Data ->

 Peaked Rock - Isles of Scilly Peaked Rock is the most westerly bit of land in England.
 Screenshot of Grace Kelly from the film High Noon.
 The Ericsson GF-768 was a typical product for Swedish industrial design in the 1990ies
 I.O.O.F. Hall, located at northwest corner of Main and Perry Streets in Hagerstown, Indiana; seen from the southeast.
---
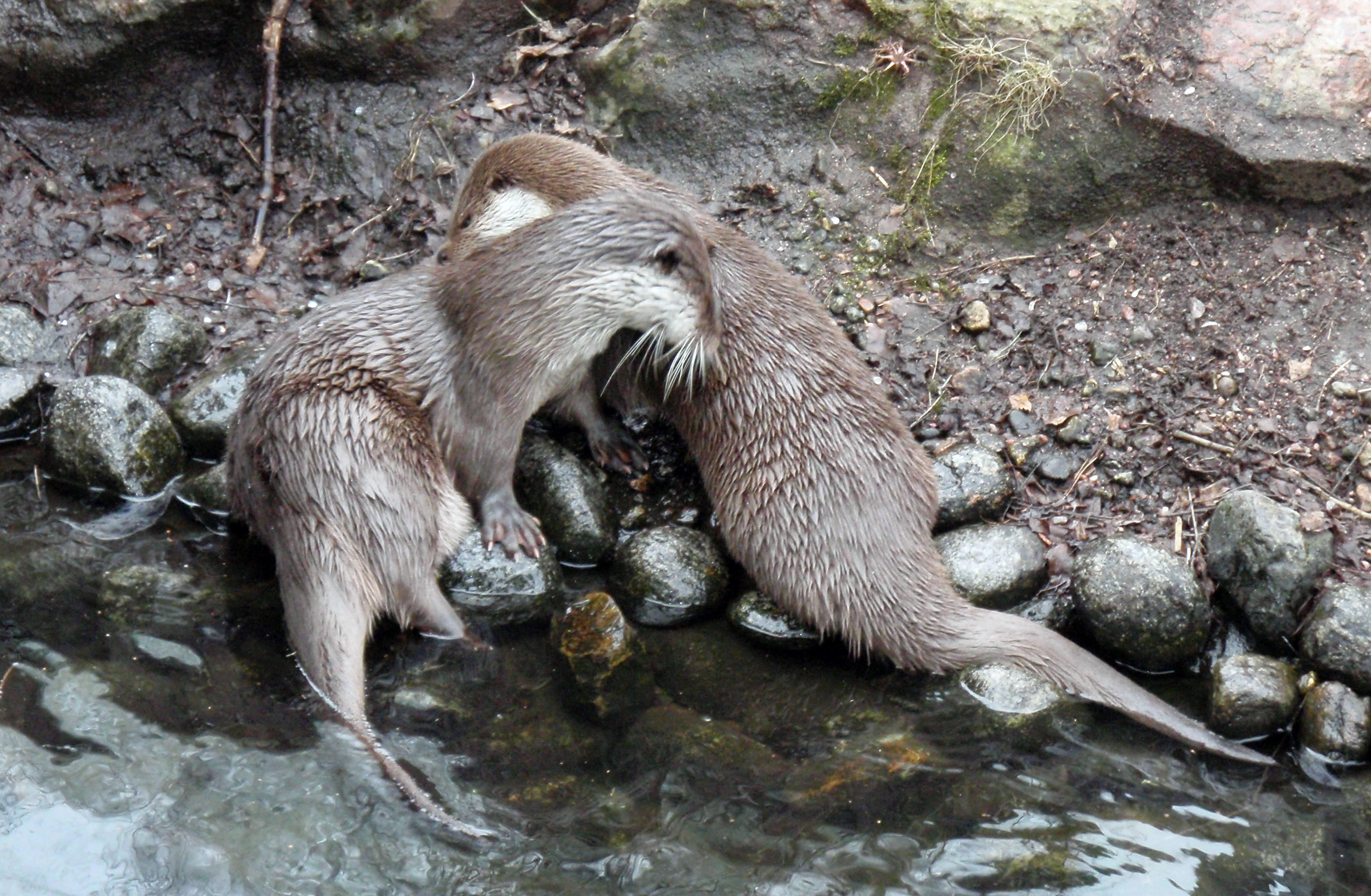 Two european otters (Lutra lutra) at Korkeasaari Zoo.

What needs to be done -> Count the lines of the records that contain the word "from". Give only the count.

Exercise result -> 2